Wild Animal Fertility Control In Europe
In Europe, people are interested in reducing certain wild animal populations for various reasons. For example, wild animals can damage crops and forests, spread diseases, cause car accidents, hurt biodiversity, eat farmed animals, and attack people. The public is beginning to oppose killing more strongly, which increases interest in other methods such as fertility control. In some situations, wild animal fertility control is an effective way to decrease populations.
Although the only wild animal contraceptive available in Europe is nicarbazin, several contraceptives have shown promise in wild populations:
- PZP immunocontraceptive vaccines have been shown to lower fertility in horses, donkeys, and certain deer for a number of years. However, in some species, PZP vaccines cause behavioral changes such as multiple infertile estrous cycles, a longer breeding season, possible late births, and changes in social hierarchy.
- GnRH immunocontraceptive vaccines have been tested on wild boar, badgers, wild goats, deer, foxes, squirrels, and prairie dogs. These vaccines eliminate reproductive behavior and can cause potentially painful injection site reactions.
- ContraPest is a liquid birth control meant to stop rats from ovulating or producing sperm. It must be given every day for at least 50 days to stop rats from having litters. The side effects are unknown.
- EP-1 is a hormonal contraceptive, similar to the hormonal contraceptives humans use, which has been tested on rats.
- Nicarbazin prevents the development of an embryo in a bird’s egg.

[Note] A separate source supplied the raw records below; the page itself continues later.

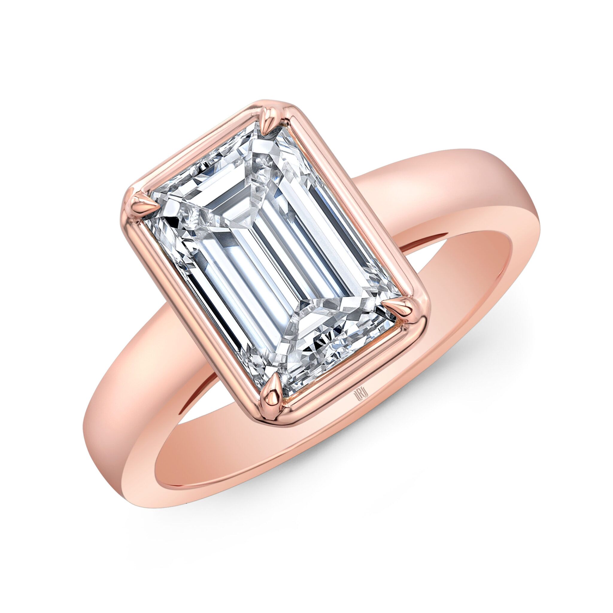 18K Rose Gold Bezel Set Emerald Cut Diamond
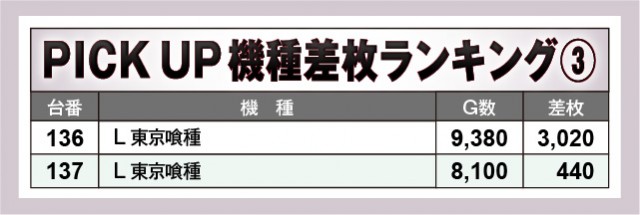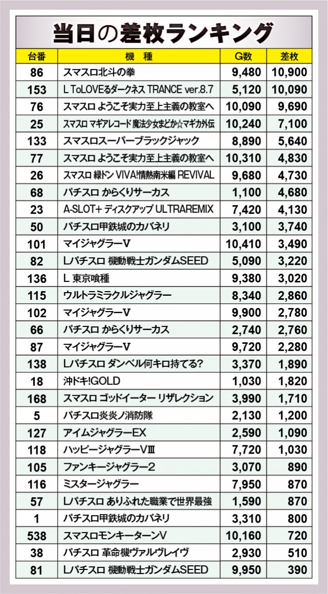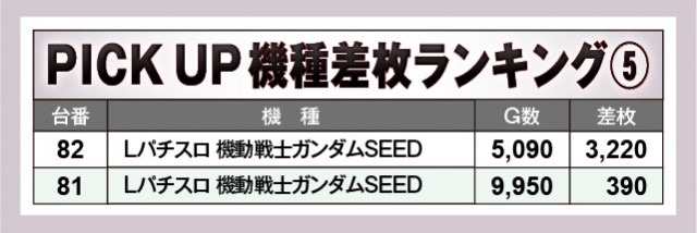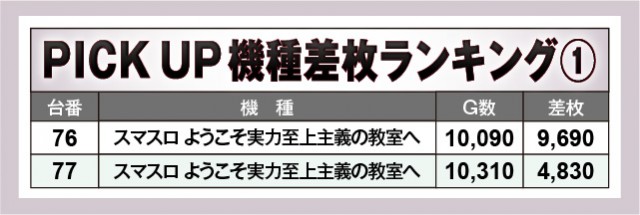優秀機種として名を連ねた5機種は、いずれも大きな活気に包まれていたのが鮮烈であるばかり。その中で『スマスロ ようこそ実力至上主義の教室へ』にて9,000枚OVERが飛び出し、さらには全台万回転OVERかつプラスで終えるという大きなインパクトを残した。『L 東京喰種』『Lパチスロ 機動戦士ガンダムSEED』も全台プラス差枚を達成しており、優秀機種のポテンシャルの高さは計り知れない。
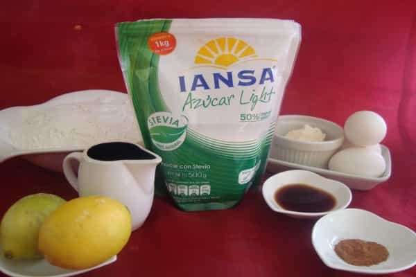 - 1/2 taza de AZÚCAR LIGHT STEVIA, de IANSA - 125 grs. de mantequilla - Ralladura de 2 limones - Jugo de 1/2 limón - 3 huevos - 1 cucharada de esencia de vainilla - 1/2 cucharadita de canela - 2 taza de harina con polvos de hornear Preparación Calentar el horno a fuego medio La mantequilla debe estar a temperatura ambiente para poder trabajarla mejor. Batir la mantequilla junto con la canela y el AZÚCAR LIGHT STEVIA de IANSA, hasta que los ingredientes se integren completamente. Agregar la ralladura de limón y luego los huevos, uno a uno. Unir todos los ingredientes hasta que la mezcla tome consistencia homogénea y más bien líquida. Agregar el jugo de limón, revolver e ir integrando la esencia de vainilla. Añadir la harina cernida y mezclar suavemente. Enmantequilar un molde y verter la mezcla uniformemente.
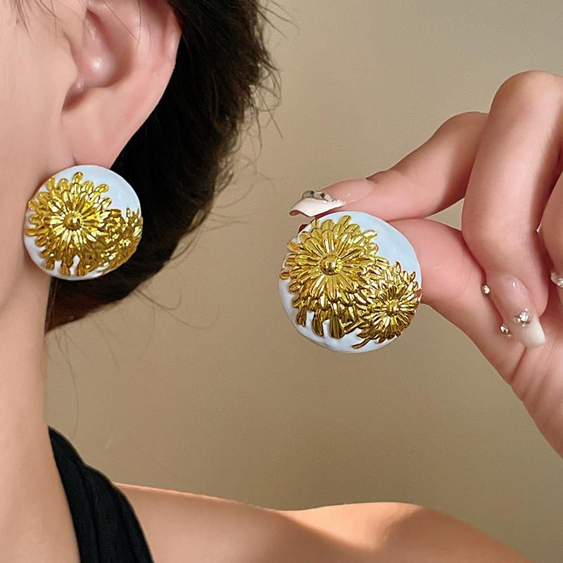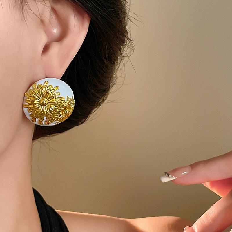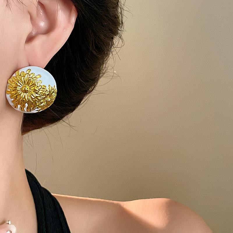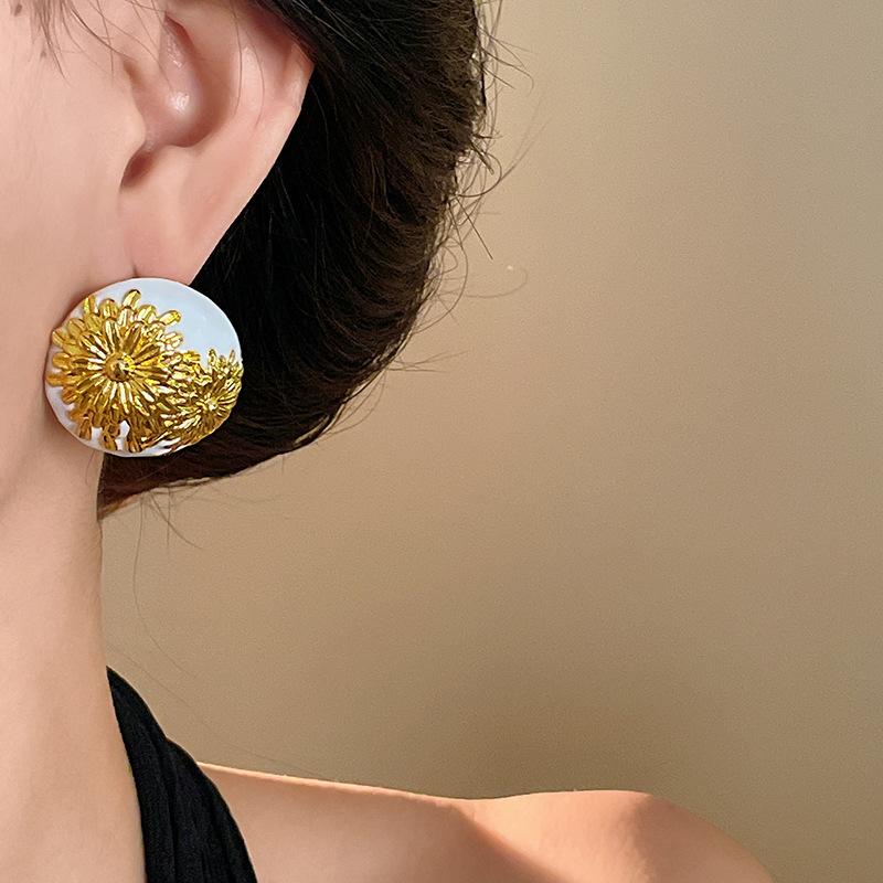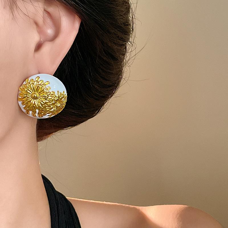 Compra Aretes retro de impresión al óleo de aguja de plata, aretes de lujo ligero de alta gama, aretes femeninos de nicho con personalidad exagerada y temperamento, venta al por mayor al por mayor en Joom.pro

Contraceptives can be given to animals in two ways: through an injection (which can be done by hand or remotely) or through bait. If a contraceptive is delivered as bait, a specially designed bait delivery device must be used to make sure that the contraceptives don’t get eaten by animals that aren’t meant to eat them.
In general, the author argues, killing seems to be more effective than fertility control. However, these results don’t generalize to all situations. For example, if infertility causes breeding pairs in monogamous species to break apart, then fertility control will be more effective than it would be in lab settings. Conversely, if killing animals causes wild animals from other populations to immigrate to the newly depopulated area, it will be less effective than it seems to be in lab settings.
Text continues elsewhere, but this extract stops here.